Items listed in a dataset
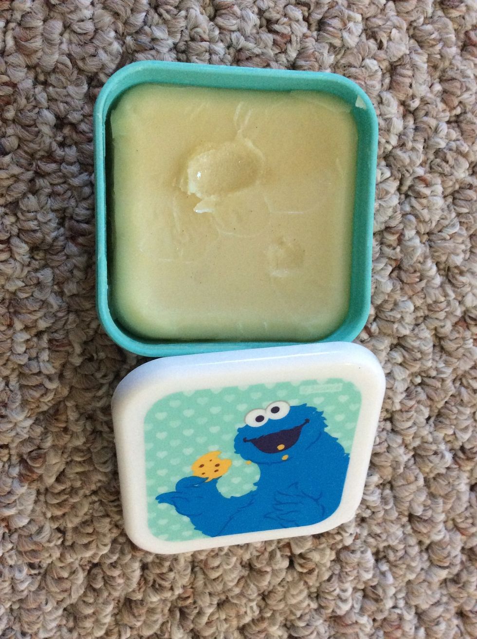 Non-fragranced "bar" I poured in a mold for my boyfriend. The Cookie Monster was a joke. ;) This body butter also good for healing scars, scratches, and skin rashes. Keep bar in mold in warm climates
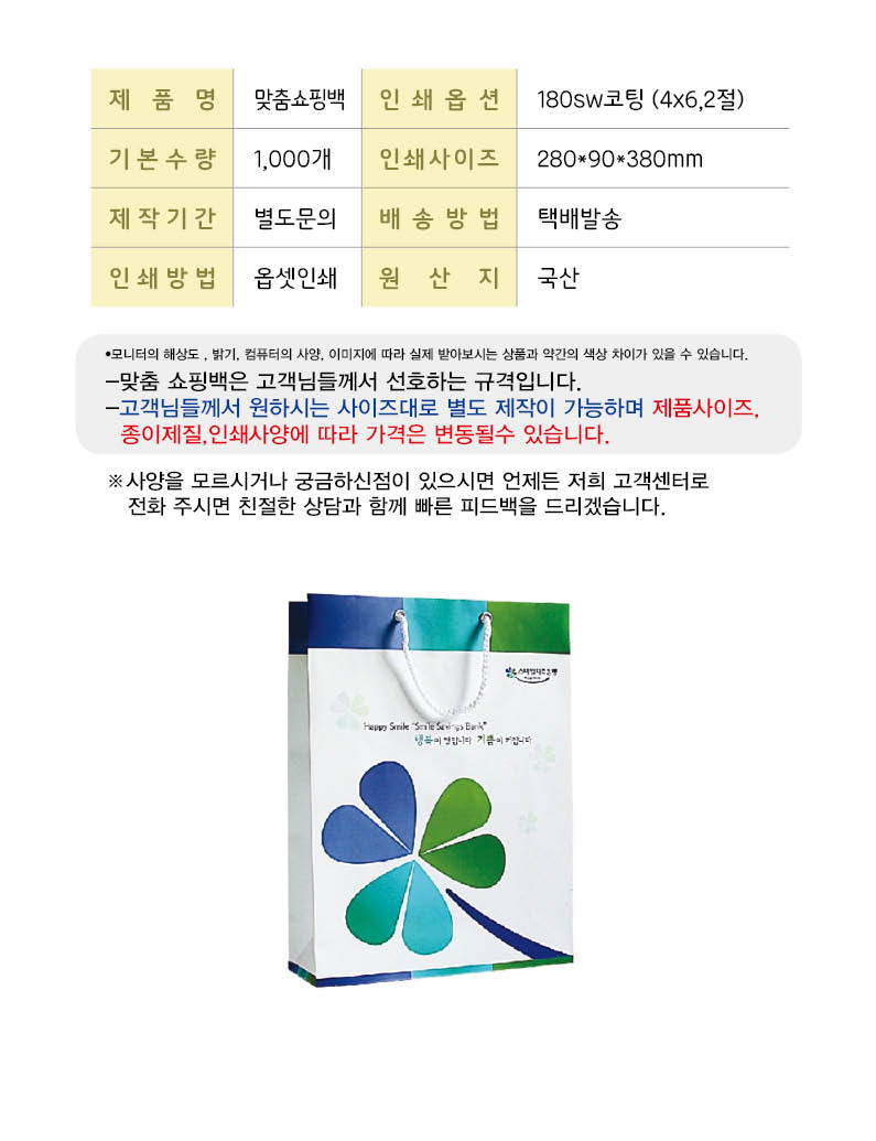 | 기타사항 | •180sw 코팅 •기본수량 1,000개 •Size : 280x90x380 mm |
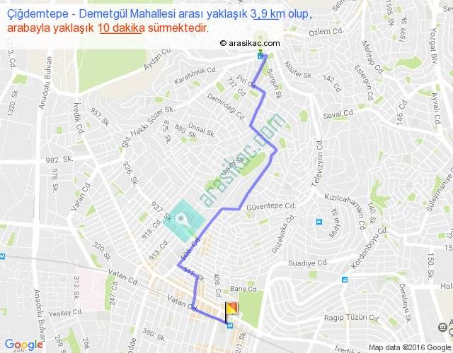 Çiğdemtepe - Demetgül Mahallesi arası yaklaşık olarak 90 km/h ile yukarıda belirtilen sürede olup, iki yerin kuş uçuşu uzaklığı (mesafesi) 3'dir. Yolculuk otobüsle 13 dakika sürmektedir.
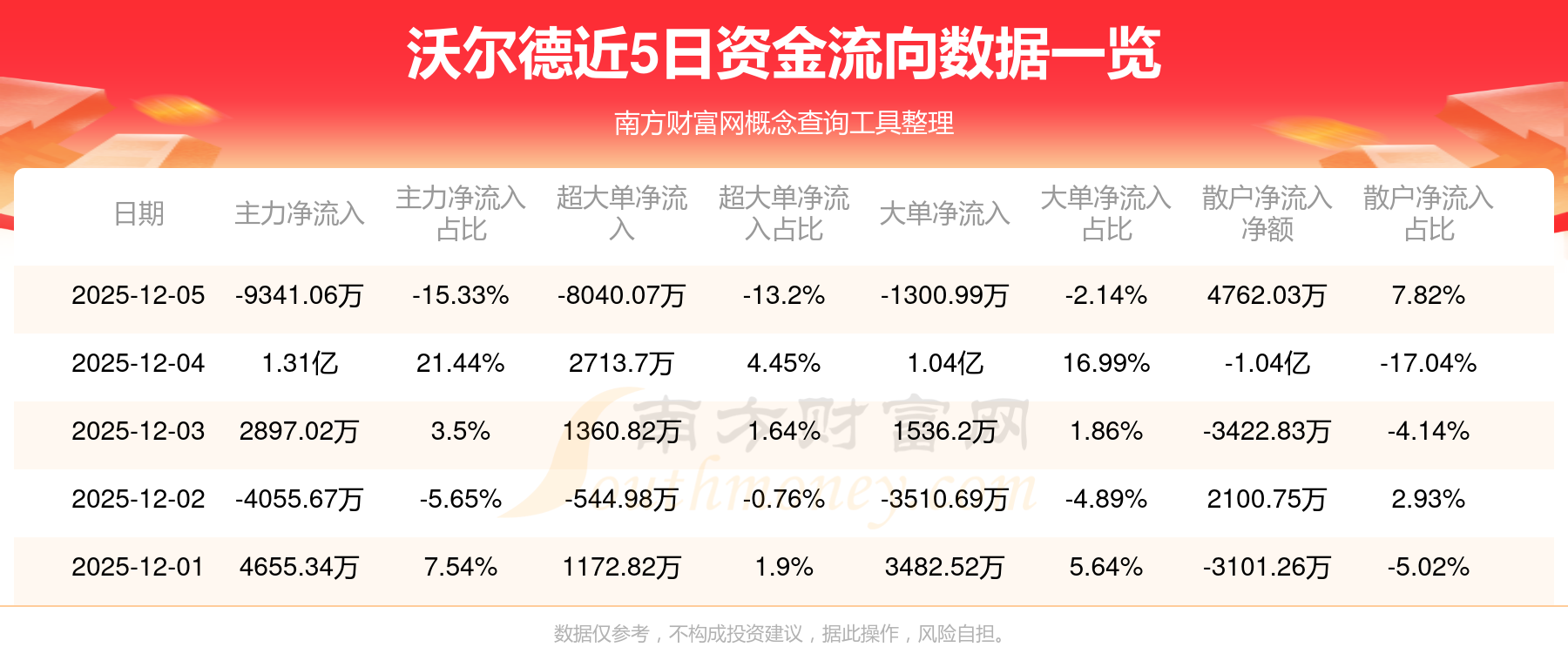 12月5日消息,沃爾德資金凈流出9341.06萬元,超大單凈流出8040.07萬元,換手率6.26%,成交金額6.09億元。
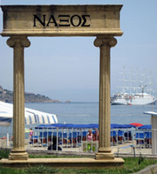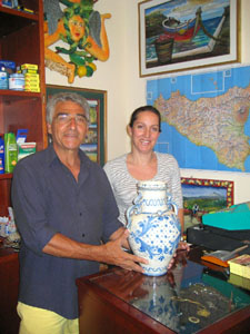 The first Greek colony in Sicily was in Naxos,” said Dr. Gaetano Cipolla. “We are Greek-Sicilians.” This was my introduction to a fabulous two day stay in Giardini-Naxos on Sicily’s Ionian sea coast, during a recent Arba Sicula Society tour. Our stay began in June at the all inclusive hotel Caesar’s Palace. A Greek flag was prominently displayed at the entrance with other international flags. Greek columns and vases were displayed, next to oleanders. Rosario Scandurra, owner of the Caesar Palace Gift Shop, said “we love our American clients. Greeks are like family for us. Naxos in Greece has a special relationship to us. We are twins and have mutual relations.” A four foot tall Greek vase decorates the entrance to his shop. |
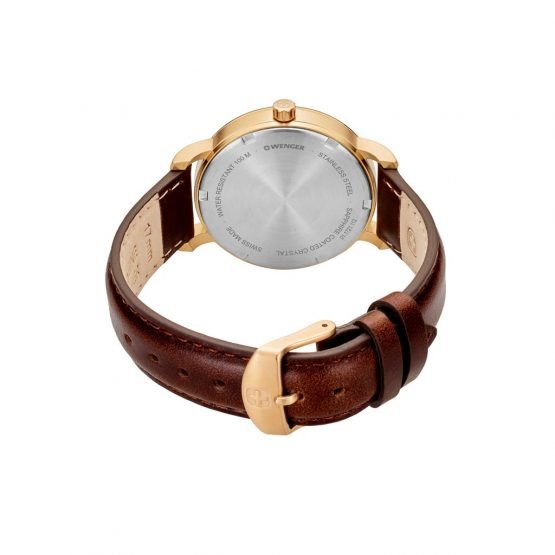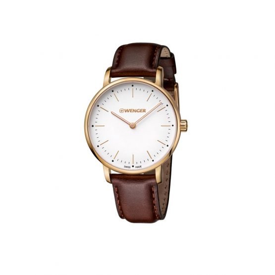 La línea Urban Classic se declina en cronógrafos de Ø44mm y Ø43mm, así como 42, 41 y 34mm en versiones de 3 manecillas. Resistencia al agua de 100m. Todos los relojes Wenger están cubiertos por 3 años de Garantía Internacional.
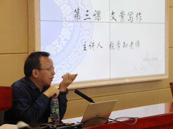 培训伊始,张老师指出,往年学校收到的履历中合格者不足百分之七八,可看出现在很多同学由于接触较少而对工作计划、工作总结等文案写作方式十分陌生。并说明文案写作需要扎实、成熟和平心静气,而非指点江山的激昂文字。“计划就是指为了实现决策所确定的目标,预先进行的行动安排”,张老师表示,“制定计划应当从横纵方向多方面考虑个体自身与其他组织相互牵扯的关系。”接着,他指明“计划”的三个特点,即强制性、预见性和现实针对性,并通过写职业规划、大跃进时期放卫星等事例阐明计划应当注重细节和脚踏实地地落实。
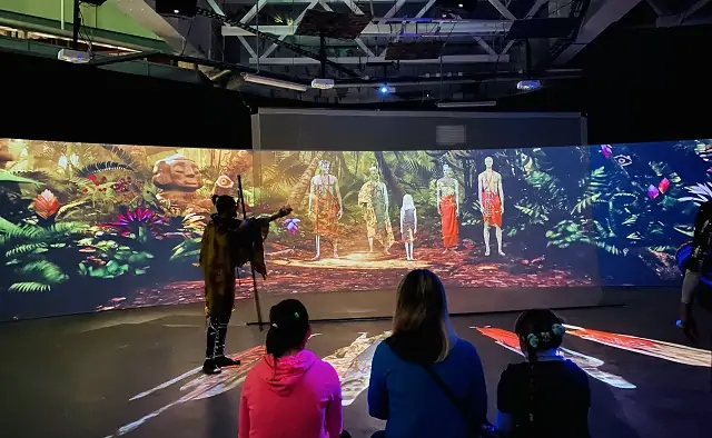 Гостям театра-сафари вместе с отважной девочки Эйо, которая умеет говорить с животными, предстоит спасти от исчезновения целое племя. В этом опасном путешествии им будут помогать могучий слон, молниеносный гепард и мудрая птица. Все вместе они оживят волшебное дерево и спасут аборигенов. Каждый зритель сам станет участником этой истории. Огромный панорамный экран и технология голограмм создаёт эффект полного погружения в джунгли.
==
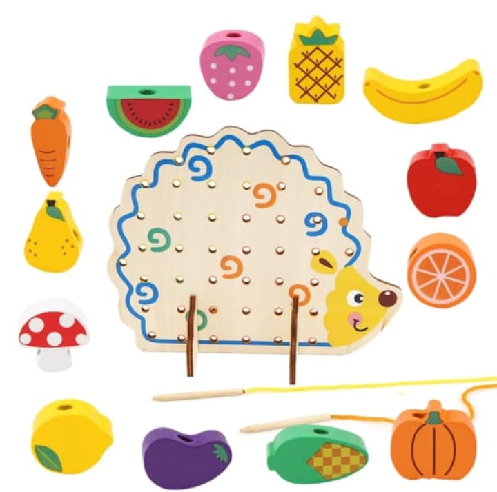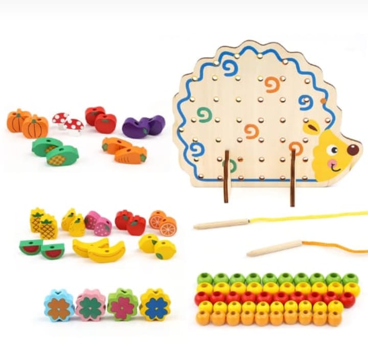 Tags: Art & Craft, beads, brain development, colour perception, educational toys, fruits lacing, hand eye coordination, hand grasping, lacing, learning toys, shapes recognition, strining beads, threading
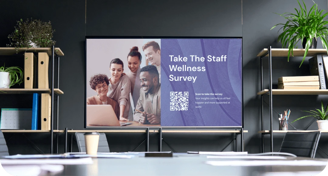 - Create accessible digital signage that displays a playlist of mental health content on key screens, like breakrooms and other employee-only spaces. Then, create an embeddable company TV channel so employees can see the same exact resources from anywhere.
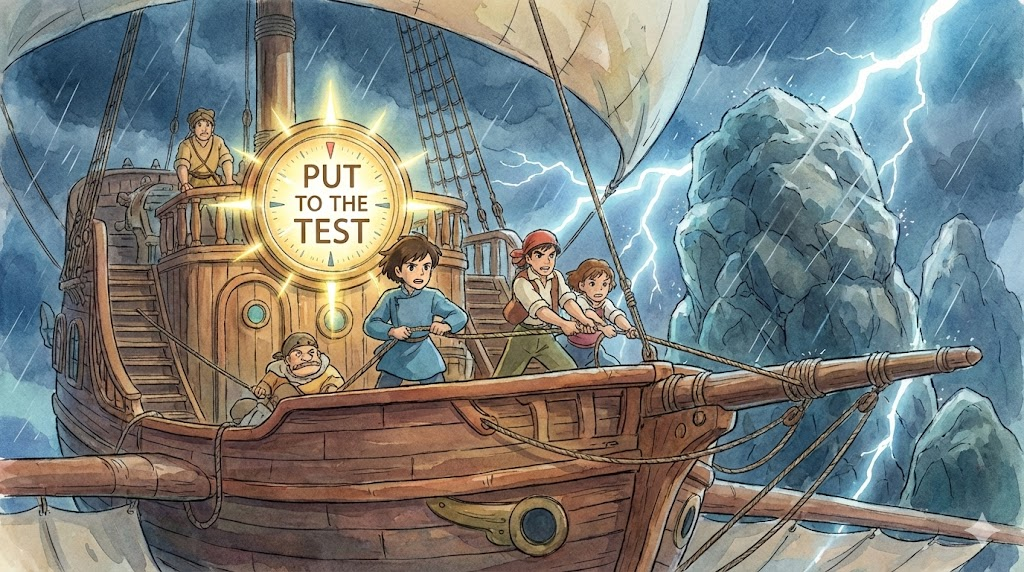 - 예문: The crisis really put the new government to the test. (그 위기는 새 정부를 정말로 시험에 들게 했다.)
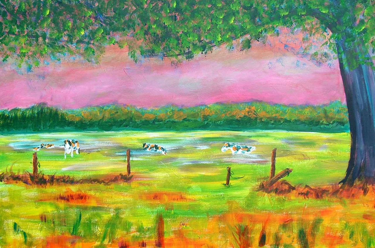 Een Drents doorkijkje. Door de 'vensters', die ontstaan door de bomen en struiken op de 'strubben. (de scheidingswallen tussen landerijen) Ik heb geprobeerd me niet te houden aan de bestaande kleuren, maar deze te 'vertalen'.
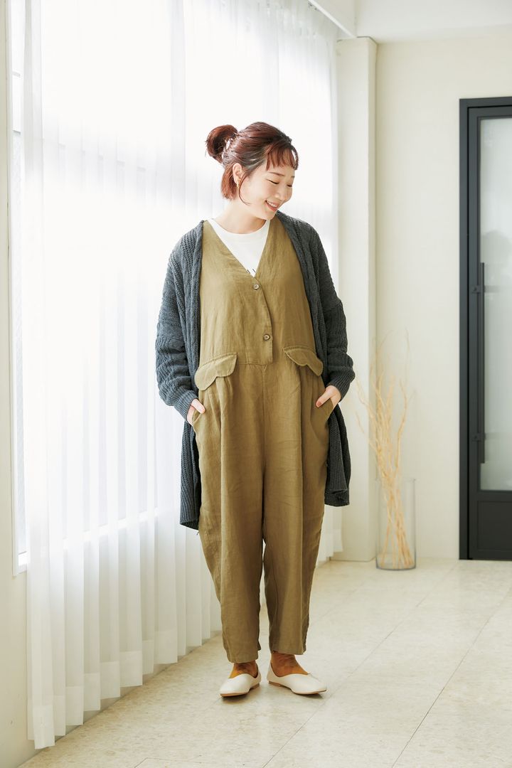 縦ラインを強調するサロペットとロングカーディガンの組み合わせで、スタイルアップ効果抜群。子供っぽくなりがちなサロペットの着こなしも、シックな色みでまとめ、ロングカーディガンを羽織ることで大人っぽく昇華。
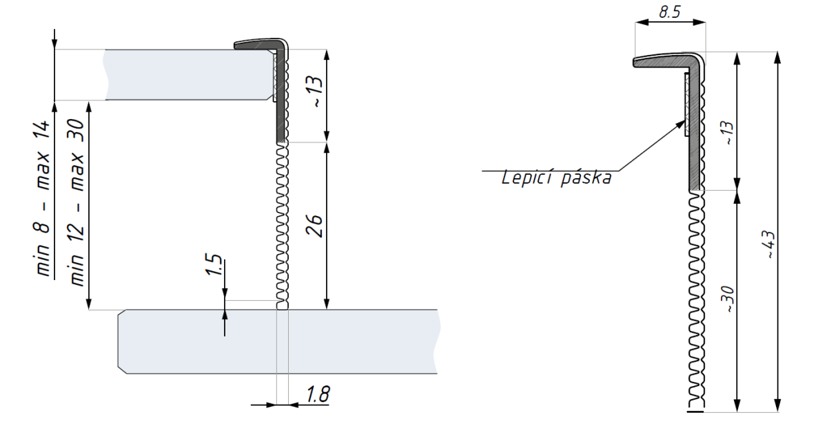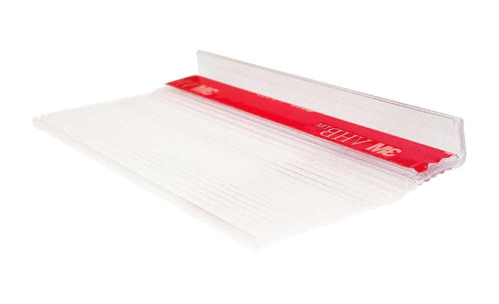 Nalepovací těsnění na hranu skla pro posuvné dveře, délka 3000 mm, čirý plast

Exercise prompt ▸ Beginning with the line above that contains "in warm climates" and ending with the line that contains "培训伊始,张老师指出,往年学", quote each line exactly, keeping out the pictures.

Completed task ▸
 Non-fragranced "bar" I poured in a mold for my boyfriend. The Cookie Monster was a joke. ;) This body butter also good for healing scars, scratches, and skin rashes. Keep bar in mold in warm climates
 | 기타사항 | •180sw 코팅 •기본수량 1,000개 •Size : 280x90x380 mm |
 Çiğdemtepe - Demetgül Mahallesi arası yaklaşık olarak 90 km/h ile yukarıda belirtilen sürede olup, iki yerin kuş uçuşu uzaklığı (mesafesi) 3'dir. Yolculuk otobüsle 13 dakika sürmektedir.
 12月5日消息,沃爾德資金凈流出9341.06萬元,超大單凈流出8040.07萬元,換手率6.26%,成交金額6.09億元。
 The first Greek colony in Sicily was in Naxos,” said Dr. Gaetano Cipolla. “We are Greek-Sicilians.” This was my introduction to a fabulous two day stay in Giardini-Naxos on Sicily’s Ionian sea coast, during a recent Arba Sicula Society tour. Our stay began in June at the all inclusive hotel Caesar’s Palace. A Greek flag was prominently displayed at the entrance with other international flags. Greek columns and vases were displayed, next to oleanders. Rosario Scandurra, owner of the Caesar Palace Gift Shop, said “we love our American clients. Greeks are like family for us. Naxos in Greece has a special relationship to us. We are twins and have mutual relations.” A four foot tall Greek vase decorates the entrance to his shop. |
 La línea Urban Classic se declina en cronógrafos de Ø44mm y Ø43mm, así como 42, 41 y 34mm en versiones de 3 manecillas. Resistencia al agua de 100m. Todos los relojes Wenger están cubiertos por 3 años de Garantía Internacional.
 培训伊始,张老师指出,往年学校收到的履历中合格者不足百分之七八,可看出现在很多同学由于接触较少而对工作计划、工作总结等文案写作方式十分陌生。并说明文案写作需要扎实、成熟和平心静气,而非指点江山的激昂文字。“计划就是指为了实现决策所确定的目标,预先进行的行动安排”,张老师表示,“制定计划应当从横纵方向多方面考虑个体自身与其他组织相互牵扯的关系。”接着,他指明“计划”的三个特点,即强制性、预见性和现实针对性,并通过写职业规划、大跃进时期放卫星等事例阐明计划应当注重细节和脚踏实地地落实。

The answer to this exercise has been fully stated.